While Jund al-Aqsa is out on the fringe, however, it is not alone, and its members are not the only jihadis in Syria uncomfortable with fighting the Islamic State. In that sense, the Jaish al-Fateh coalition may have been a sort of geographic accident rather than an ideologically uniform alliance. Earlier this year, Syria’s northern rebels had only one active front against the Islamic State, in the northern Aleppo countryside; on all other sides, they faced the regime and its allies, including Hezbollah and Iranian-backed Shiite militias. West of Aleppo, it was possible to put off the question of whether and how to fight the Islamic State in the interest of a project like Jaish al-Fateh that could unite more mainstream rebels with the jihadi fringe. But the coalition’s own success made that untenable: As it advanced, it would eventually be forced to confront the Islamic State and lay bare these internal contradictions.
Jaish al-Fateh’s successes have been attributed in large part to
a new rapprochement between Saudi Arabia, Turkey and Qatar. But even open-handed external support and battlefield momentum may only go so far in holding together Syria’s more mainstream rebels with jihadis like Jund al-Aqsa and Jabhat al-Nusra. However much effort and resources regional powers expend to bolt together ideologically diverse factions, those clients ultimately have their own probably irreconcilable agendas.

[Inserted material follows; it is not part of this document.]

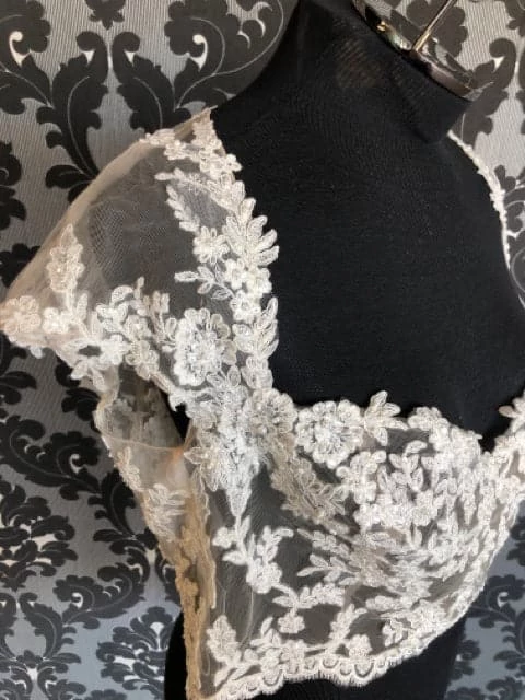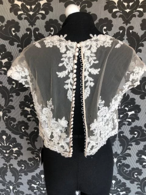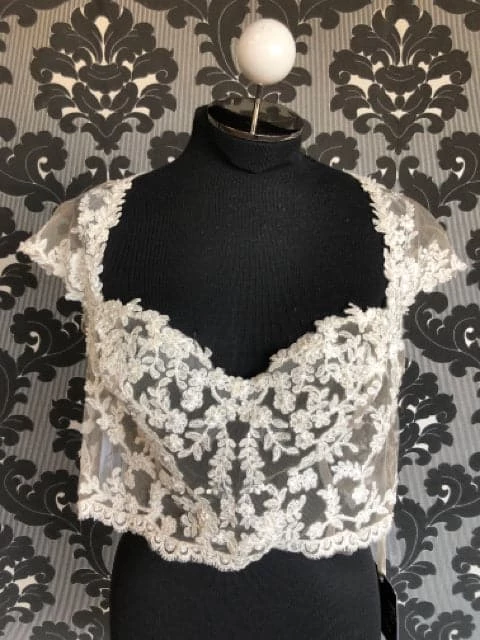 Veronica Size 14 Ivory Lace and Sequin Jacket AS IS SMALL HOLES NEAR BUTTONS
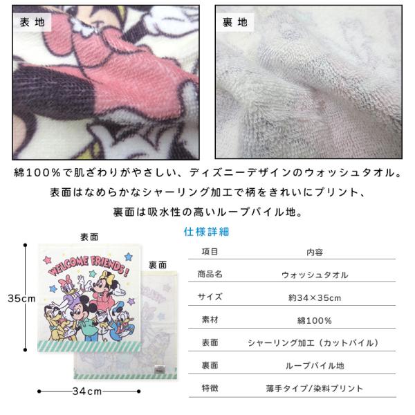 ディズニー ハンドタオル 34×35cm 綿100% キャラクター ミッキー ミニー トイストーリー ウォッシュタオル 保育園 幼稚園 小学生 wt1 メール便C

Jund al-Aqsa rejoining Jaish al-Fateh will not somehow fix that. As part of the agreement bringing Jund al-Aqsa back in, the rebel coalition will reportedly issue the sort of Islamic charter the hard-liners demanded. A charter tailored to Jund al-Aqsa’s extremist views will not reconcile the politics of these factions. What it could do, however, is succeed in making Jaish al-Fateh’s more mainline members toxic to an international audience, thus
sabotaging their attempts at diplomatic outreach.
Jaish al-Fateh’s unity looks untenable over the long term. The centrifugal forces that drive Syria’s rebels and jihadis apart, from ideology to money to personality, are still at work, even within such a successful alliance. And whatever efforts regional states and rebels themselves make, there may be nothing that can ultimately keep these rebels together.